Я догадываюсь, почти уверен теперь, что весь первый год солдатской службы ты думал о Симе. Не знаю, писал ли ей, но среди огромного множества писем — всяких и отовсюду, от Наташи в том числе, чьи послания состояли больше из болтовни, нередко развязной, — не было ни одного письма от Симы. Я не нашел.

Знаю, что ты грустил. Теперь знаю. А тогда не мог и подумать, потому что твои письма домой налиты таким отчаянным светом и такой полнотой жизни, что хоть взаймы бери.

«15 января 1966 г.

Здравствуйте, дорогие мама, папа и Лина!

Первое письмо отдал дежурному парню, который ходил в числе других за провиантом на станцию. Есть надежда, что ненадолго выпустят из поезда, тогда попытаюсь кинуть это письмо. Здесь тепло, светло и сытно. Играем в домино и живем заботою, чтобы вовремя добыть горячего чаю, который ленивая проводница готовит в мизерных количествах. В Новосибирске капитан обещал снабдить фруктовой водой и кефиром.

Едем дальше. До свидания. Саша».

«17 января.

Здравствуйте, дорогие…

Четвертые сутки дорога… Приятная новость: только что мне на голову упал чей-то валенок, отскочил рикошетом по кумполу моему соседу и на этом успокоился. Как видите, от скуки здесь не умрешь. От голода — тоже, кормят прилично. Сегодня двадцать человек из вагона на станции снабжали эшелонную кухню водой, я в том числе. Прошлой ночью получил первый «очередной» наряд — дневалил по вагону полночи.

В общем, по мне хоть все три года ехать да ехать.

Ваш Саша».

«20 января.

Это первое письмо с места. Обосновались вроде. Казармы отличные — тепло и просторно. Сегодня первый трудовой день. Полученное вчера обмундирование сегодня подгоняли, оформляли и все такое прочее. Сейчас сижу в полной готовности для рывка.

…Вот так вот. Продолжаю спустя час, ибо мы в самом деле рванули в столовую ужинать. Плотно поели. Сейчас будет построение. Пишу почти в боевой обстановке. Движение, движение и движение.

Пока что, извините, все. Надо сворачиваться…»

«22 января.

Первое внеочередное свободное время посвящаю сему посланию, также первому внеочередному, ибо первое письмо написал вам позавчера и отправил вчера вечером. Уже не помню, что в нем писал в спешке, так что извините, если буду повторяться. Сразу же оговорюсь, что не стоит вам очень беспокоиться, если от меня долго не будет писем (а такое может случиться по причинам, от меня не зависящим). Я здесь в целости и сохранности… Жизнью здесь я пока доволен. Кормят отлично, всегда есть аппетит, и вообще чувствую себя «в своей тарелке»!

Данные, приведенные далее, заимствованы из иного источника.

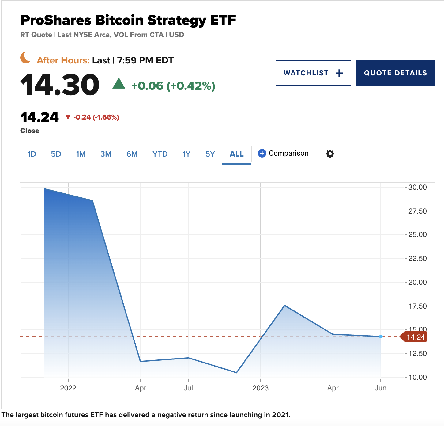 比特币期货ETF于2021年首次推出,但ProShares比特币战略ETF (BITO)是唯一一家已经发展到相当规模的公司,拥有约8亿美元的资产。FactSet的数据显示,自推出以来,该基金的总回报率已经下跌了40%以上。比特币的价格在BITO推出后不久,比特币就创下了历史新高,自峰值以来下跌了60%以上。

Только что в комнату заходил майор и сказал какому-то парню, что письма пока нельзя писать до особой команды, которая будет, может, завтра, а может, через неделю. Правда, я не понял толком, можно или нет, потому что другой майор сказал, что можно. Кто знает, может, этому письму суждено пролежать в ящике суток несколько. Тогда я вам не завидую. Я-то почти уверен, что у вас все в порядке, а вот вы, конечно, — не совсем.

Что ж, тяготы военной службы, которые я должен стойко переносить, частично ложатся и на вас. Ничего не поделаешь, s'est la vie. Взбодритесь и будьте спокойны, тогда и мне будет спокойно. Задача ясная?

Погодка здесь отличная: легкий морозец, легкий ветерок и «солнушко». Зевать много не дают, почти все время занято…».

А следующее письмо ты начнешь словами, которые очень встревожат маму:

«Ну что еще сказать про Сахалин? На острове нормальная погода…»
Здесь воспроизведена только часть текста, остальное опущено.